Oct 2001 According to statistics furnished by the White House, 23 Iraqi political prisoners are executed at Abu Ghraib on orders of Saddam Hussein.
14 Oct 2002 During a speech in Dearborn, Michigan, President George W Bush declares that Saddam Hussein maintains active ties to al Qaeda: "This is a man that we know has had connections with al Qaeda. This is a man who, in my judgment, would like to use al Qaeda as a forward army."
7 Nov 2002 During a press conference, President George W Bush declares: "Some people say, 'Oh, we must leave Saddam alone, otherwise, if we did something against him, he might attack us.' Well, if we don't do something he might attack us, and he might attack us with a more serious weapon. The man is a threat... He's a threat because he is dealing with al Qaeda... And we're going to deal with him."
19 Mar 2003 Operation Iraqi Freedom commences, with an airborne attack by the U.S.
9 Apr 2003 Statue of Saddam Hussein in Baghdad toppled by U.S. troops, and then beaten with sandals.
17 Sep 2003 President George W Bush: "No, we've had no evidence that Saddam Hussein was involved with September the 11th."
14 Dec 2003 The 4th Infantry Division of American Special Forces captures Saddam Hussein, who for months has been hiding out in a spider hole outside a dingy, mud-brick hut 10 miles south of Tikrit.

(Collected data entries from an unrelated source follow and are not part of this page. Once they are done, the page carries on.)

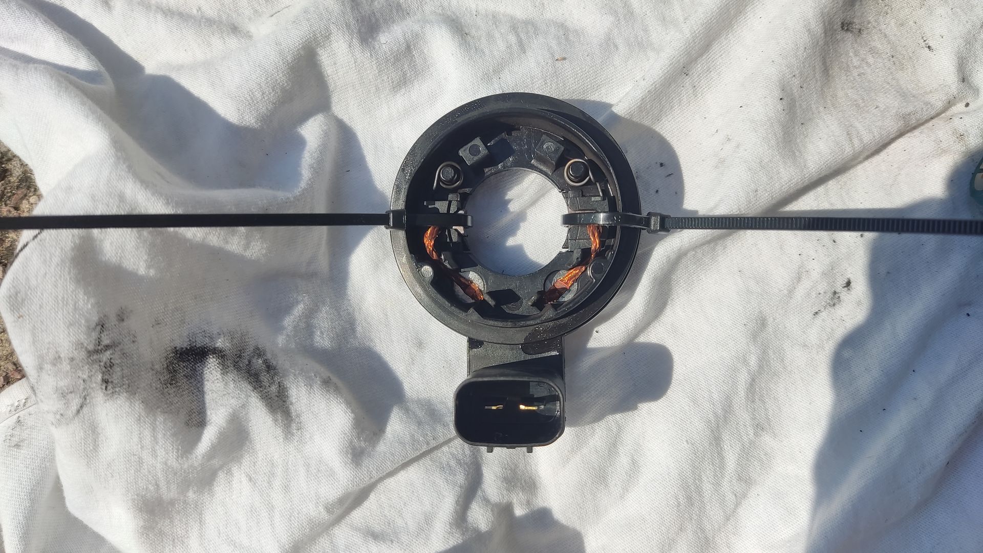 PS: Eine Folie hatte ich keine für die Bürsten des Motors zurück zu drücken aber mit dünnen Panduitbändern ging es auch. Siehe Bild! Der Kohleabrieb im Schaltmotor ist leider ein Schwachpunkt im ansonsten genialen DCT das ich seit 2016 sehr gerne fahre!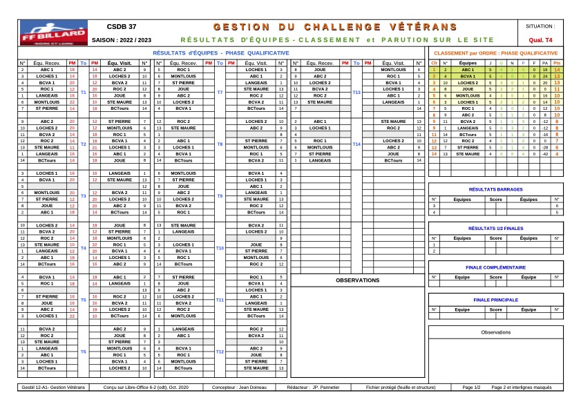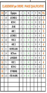 Classement (T1) : 1er Montlouis | 2e ROC 2 | 3e BCVA 1 | 4e Tours | 5e Loches 2 | 6e ABC 1. voir la suite ci-après.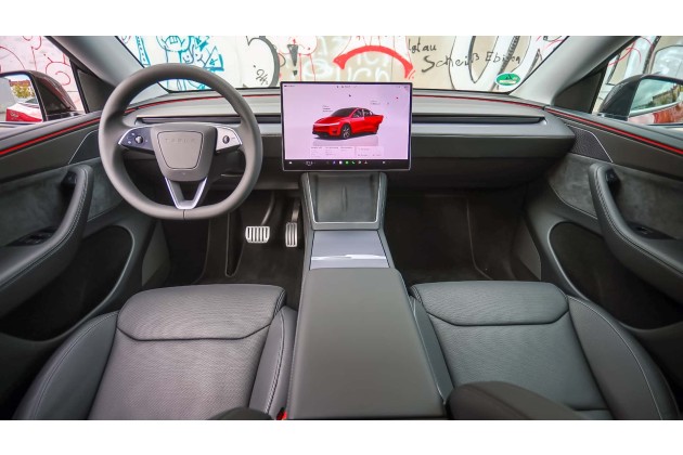 Das Bedienkonzept folgt dem Tesla‑Prinzip: fast alles läuft über den neuen, verbesserten zentralen Touchscreen. Dieser ist reaktionsschnell, intuitiv und mittlerweile deutlich übersichtlicher als in früheren Versionen. Die Schriftgröße lässt sich anpassen - ein hilfreiches Detail, denn viele Anzeigen sind standardmäßig eher klein geraten.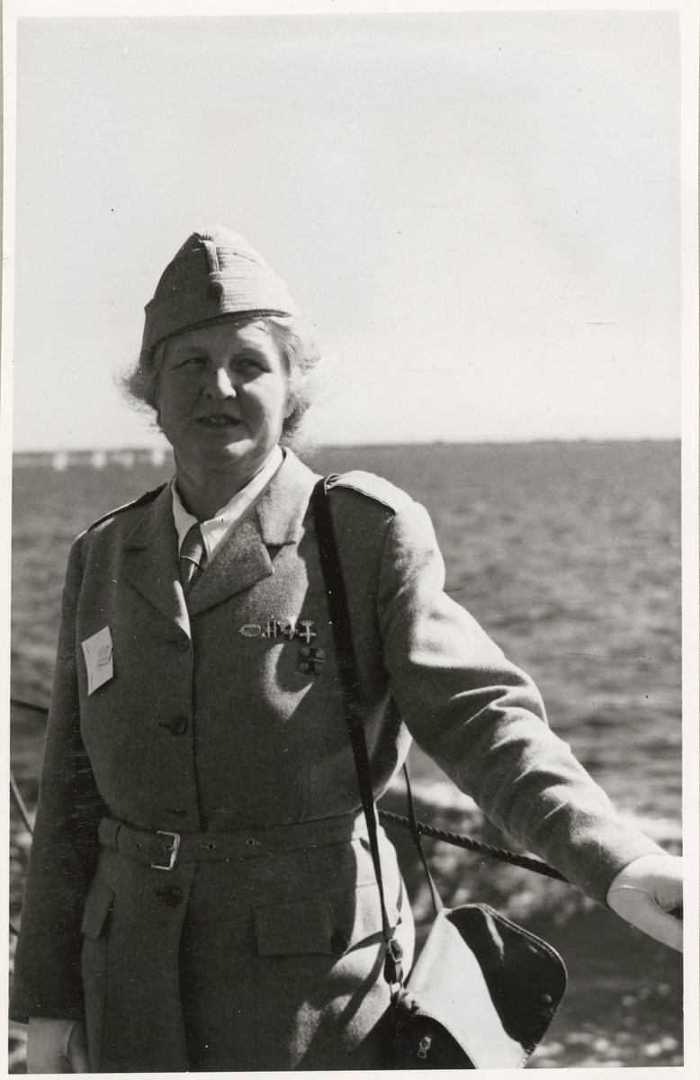 En kvinna från lottakåren, klädd i uniform, poserar för ett fotografi. I bakgrunden syns havet.

17 Jun 2004 President Bush reiterates: "The reason I keep insisting that there was a relationship between Iraq and Saddam and al Qaeda, because there was a relationship between Iraq and al Qaeda. This administration never said that the 9/11 attacks were orchestrated between Saddam and al Qaeda. We did say there were numerous contacts between Saddam Hussein and al Qaeda. For example, Iraqi intelligence officers met with bin Laden, the head of al Qaeda, in the Sudan. There's numerous contacts between the two."
30 Dec 2006 Saddam Hussein is executed by hanging inside an enclosed room, in the Green Zone, Baghdad.